Si para conocer bien una ciudad hay que ver amanecer en ella, puedo asegurar que la que nos acoge se parece mucho a una persona de las que la salida del sol encuentra en un estado francamente mejorable: suelo con papeles, plásticos y otros residuos que los trabajadores de la limpieza se afanan en agrupar, decoraron impunemente la noche. 

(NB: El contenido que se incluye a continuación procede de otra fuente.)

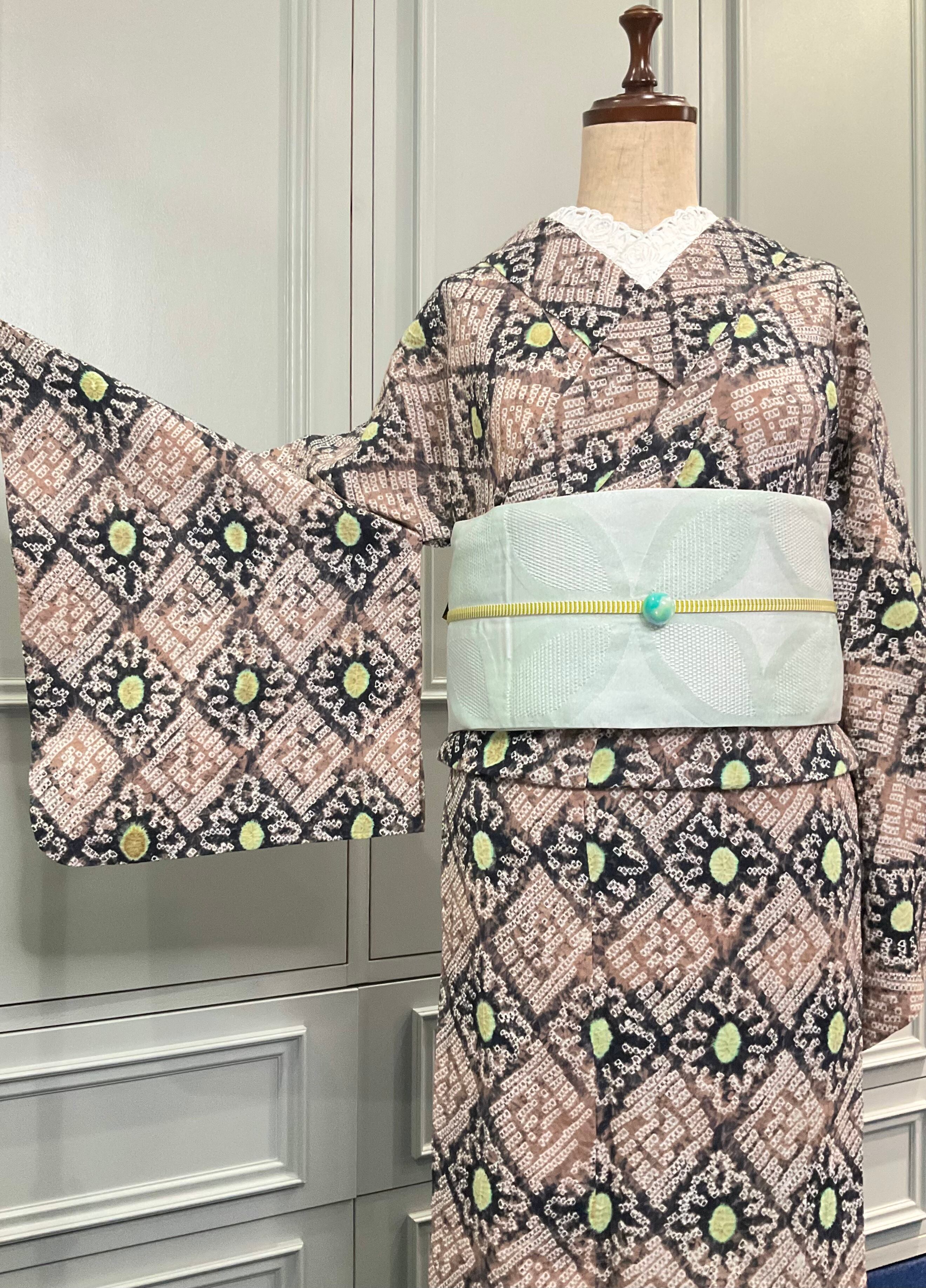 ブラウン系の地色に、ダイヤモンド・チェック柄にデザインされた、有松鳴海絞り浴衣です♪

Recuerdo de nuevo mis peroratas con César Trujillo, el amigo invisible citado en otra columna, porque hace unos días me dijo que estamos en la era del plástico, habitada por el “homo porcello”. Semejante latinajo, que parece haber inventado para nombrar nuestra afición por dejar basura por todo el paisaje, lo eleva a la categoría de género evolutivo, como lo fueron los de “sapiens”, “habilis” o “erectus”. Por si los entendidos no aceptan la traducción, me aclara la aproximación a “hombre guarrete” y se queda tan fresco. Entiende que me preocupen los grandes problemas medioambientales o que el imperio, torpemente pilotado, salga del Acuerdo de París contra el cambio climático, pero me advierte que, mientras tanto, olvidamos lo que contamina cada uno, que no es poco, mientras toleramos resignadamente el espectáculo poco raro de espacios en los que puede verse un amplio surtido de latas y envases, cada vez más abundantes por aquello del consumismo.  Me recuerda que no existe ciudad moderna a la que falte un mínimo de no sé cuántos chicles por metro cuadrado de acerado sin que, al parecer, nadie exija a la empresa que los fabricó y vendió, la mínima responsabilidad en su recogida. Por si fuera poco, avisa –y se puede comprobar fácilmente- la degradación del paisaje se extiende por caminos, cunetas y despoblados de tal manera, que va siendo más difícil encontrar lugares en los que no aparezca la señal de nuestra desidia. 

Yo creo que, en el fondo, la gente ama la limpieza, como lo demuestra el hecho conocido de personas que, sin distinción de sexo, apenas terminan de comer, sacuden el mantel por la ventana o hacen lo propio con la alfombra del dormitorio al levantarse, pero César es obstinado y no está por darme la razón, insistiendo en preocuparme con el argumento de que estamos perdiendo la capacidad, tanto humana como presupuestaria, de limpiar lo que hemos ensuciado, así que dentro de algunos miles de años, los arqueólogos tendrán muy clara nuestra torpe forma de vida, escrita en estratos de pocilga.   

Consecuente con sus ideas, rechazó la fresa de plata con la que el ayuntamiento pretendía reconocer su trayectoria laboral y propuso en su lugar a los basureros, porque ese trabajo, que siempre fue necesario, se ha convertido en imprescindible por culpa de nuestra indolencia y la falta de vigilancia de quien la tiene encomendada. Otro día tal vez les explique la ocurrencia que ha tenido de proponer una tasa retornable para todo lo que sea susceptible de ensuciar el suelo. 

Con historias de este calibre, salgo cada mañana reconociendo el trabajo de la gente que barre las calles y añado a esta preocupación otras suciedades a las que nos vamos acostumbrando, quizás menos visibles, pero de peor olor, pronóstico y remedio. Sí, me refiero a ésas que suman beneficios y restan honradez.